"Happiness lies in the joy of achievement and the thrill of creative effort." Franklin D. Roosevelt
By: Proserpina, 7:54 PM GMT on January 19, 2014
The 25th of this month marks the first year of the passing of my sweet Koko (Kokopelli). The pain of her loss is still vivid but I am finding room in my heart to let Mimi in. I dedicate this blog to Koko and all the pets my friends and acquaintances lost in this past year. And I welcome our new pets who steal part of our hearts.
I invite those who visit here and who lost a beloved pet, to post a photo in their remembrance. Also, please post photos of your new pets.

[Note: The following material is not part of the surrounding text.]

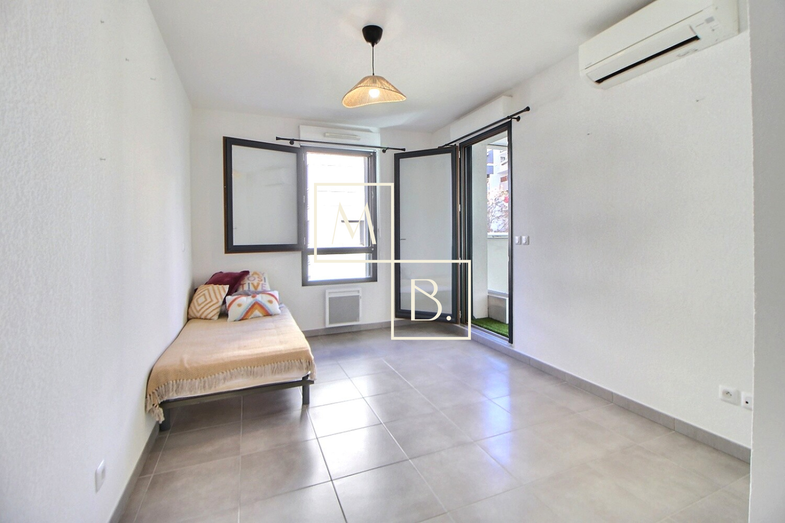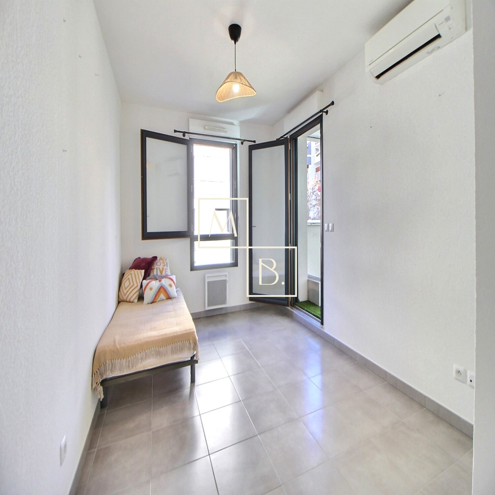 Vous disposerez également d'un garage boxé en sous-sol, du double vitrage PVC, volets roulants électriques et manuels, climatisation réversible au séjour et dans 1 chambre, eau froide/eau chaude collectifs et chauffage électrique individuel.
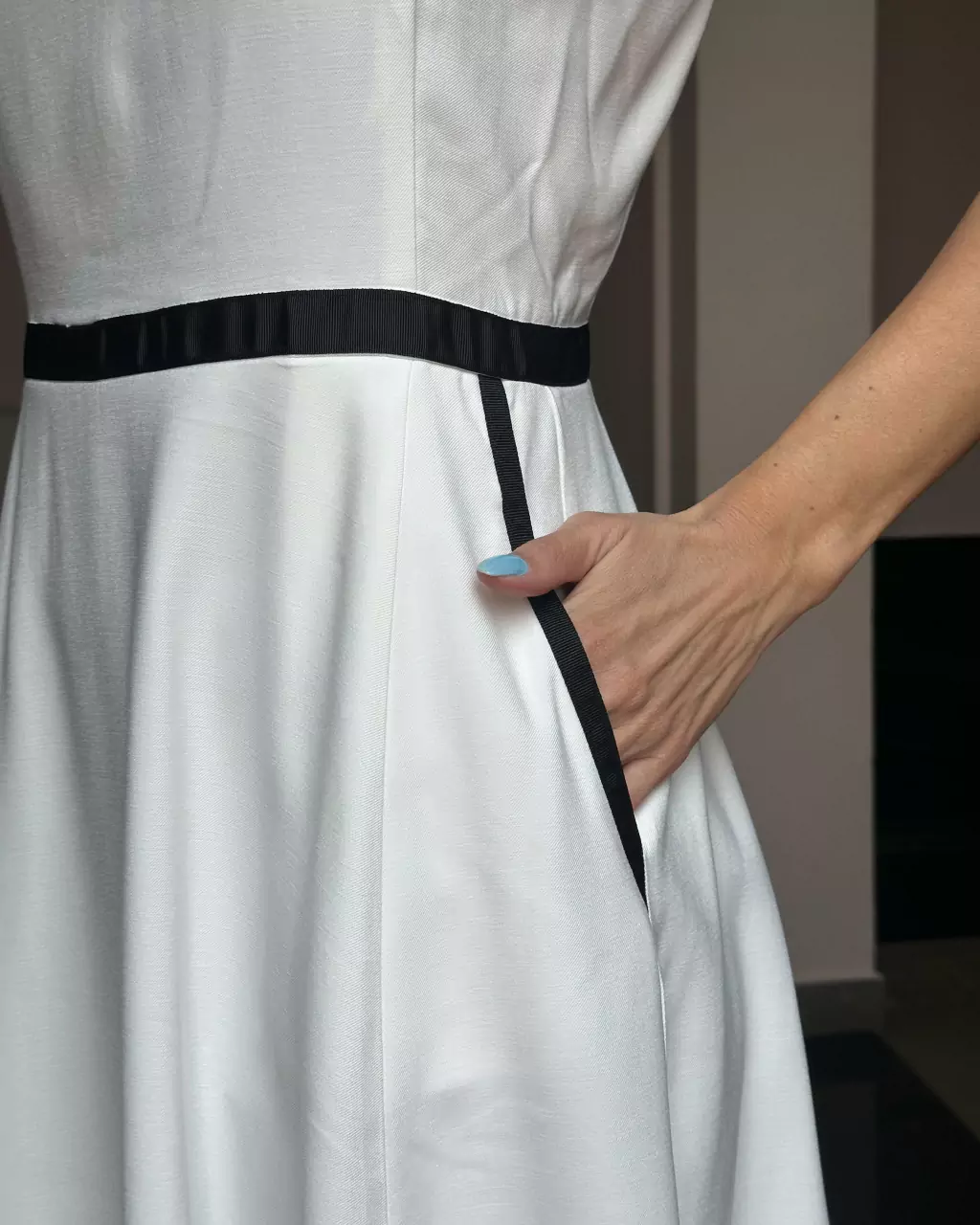 Vestido Twill.Modelo midi em alfaiataria com bolsos, forro, fechamento com zíper nas costas e detalhe bicolor.

“Animals are such agreeable friends--they ask no questions, they pass no criticisms.” - George Eliot
Dogs were one of the first animals to be domesticated by humans. It is generally thought that dogs are descended from the Grey Wolves, although looking at a Poodle or a Chihuahua one would not see any resemblance to a wolf. Other breeds such as a Siberian Husky (the mascot of the first university that I attended) or a German Shepherd clearly show a strong resemblance to the wolf.
In the past dogs were useful as work animals. Pulling loads, herding cattle and sheep, hunting, guarding their master and the master properties, are just a few of the original uses.
Scout dog Chief, Vietnam
Dogs have been trained for battle from ancient times to the present. They were used by the Egyptians, Greeks, Slavs, Britons, Romans, etc. Among the Greeks and Romans, dogs often served as sentries or patrols. Dogs were used by the Conquistadores, Frederick the Great, Napoleon, and other historically relevant persons. More recently dogs were used in the American Civil War, WWI, WWII, Vietnam, and in 2011 the United States Navy SEALS used a military working dog name Cairo in the Operation Neptune Spear in which Osama bin Laden was killed.
In modern time one interesting job for a dog was as a space traveler. She was Laika, the first living creature sent into space by the former USSR in 1957.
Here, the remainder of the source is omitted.